**THE DATA**

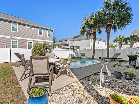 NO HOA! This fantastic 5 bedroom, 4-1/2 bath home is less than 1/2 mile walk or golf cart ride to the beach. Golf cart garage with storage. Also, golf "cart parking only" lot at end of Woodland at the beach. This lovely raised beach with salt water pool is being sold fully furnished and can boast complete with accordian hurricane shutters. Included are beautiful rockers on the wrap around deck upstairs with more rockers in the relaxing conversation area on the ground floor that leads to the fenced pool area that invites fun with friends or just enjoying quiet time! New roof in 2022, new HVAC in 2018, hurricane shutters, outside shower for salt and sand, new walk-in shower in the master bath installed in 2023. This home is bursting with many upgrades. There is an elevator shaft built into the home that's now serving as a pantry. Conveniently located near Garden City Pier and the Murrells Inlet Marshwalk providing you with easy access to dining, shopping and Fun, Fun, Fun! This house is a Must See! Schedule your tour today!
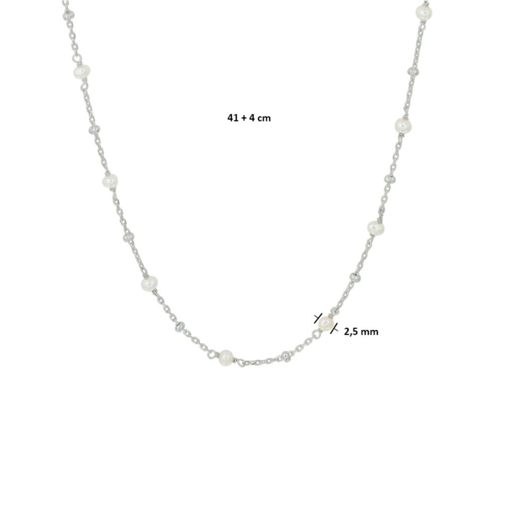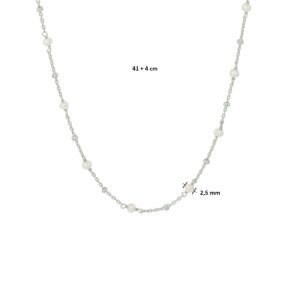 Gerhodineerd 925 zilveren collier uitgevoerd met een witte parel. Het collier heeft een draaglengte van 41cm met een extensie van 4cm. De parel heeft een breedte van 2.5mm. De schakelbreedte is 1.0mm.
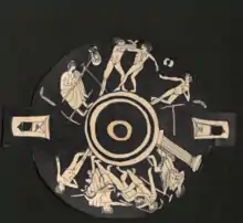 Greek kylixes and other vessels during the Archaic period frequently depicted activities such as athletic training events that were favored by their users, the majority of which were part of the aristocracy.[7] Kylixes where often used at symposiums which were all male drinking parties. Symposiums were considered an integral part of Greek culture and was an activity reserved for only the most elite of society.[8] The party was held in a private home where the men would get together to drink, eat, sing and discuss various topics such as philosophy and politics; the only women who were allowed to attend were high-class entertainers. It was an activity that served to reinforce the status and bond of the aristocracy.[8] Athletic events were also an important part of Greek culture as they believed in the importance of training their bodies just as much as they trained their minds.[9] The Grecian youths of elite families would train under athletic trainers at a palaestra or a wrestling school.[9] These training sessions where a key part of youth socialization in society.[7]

**YOUR TASK**
What is needed is an exact copy of each line from the top of the data above through the line containing "Gerhodineerd 925 zilveren", with no pictures.

**SOLUTION**
 NO HOA! This fantastic 5 bedroom, 4-1/2 bath home is less than 1/2 mile walk or golf cart ride to the beach. Golf cart garage with storage. Also, golf "cart parking only" lot at end of Woodland at the beach. This lovely raised beach with salt water pool is being sold fully furnished and can boast complete with accordian hurricane shutters. Included are beautiful rockers on the wrap around deck upstairs with more rockers in the relaxing conversation area on the ground floor that leads to the fenced pool area that invites fun with friends or just enjoying quiet time! New roof in 2022, new HVAC in 2018, hurricane shutters, outside shower for salt and sand, new walk-in shower in the master bath installed in 2023. This home is bursting with many upgrades. There is an elevator shaft built into the home that's now serving as a pantry. Conveniently located near Garden City Pier and the Murrells Inlet Marshwalk providing you with easy access to dining, shopping and Fun, Fun, Fun! This house is a Must See! Schedule your tour today!
 Gerhodineerd 925 zilveren collier uitgevoerd met een witte parel. Het collier heeft een draaglengte van 41cm met een extensie van 4cm. De parel heeft een breedte van 2.5mm. De schakelbreedte is 1.0mm.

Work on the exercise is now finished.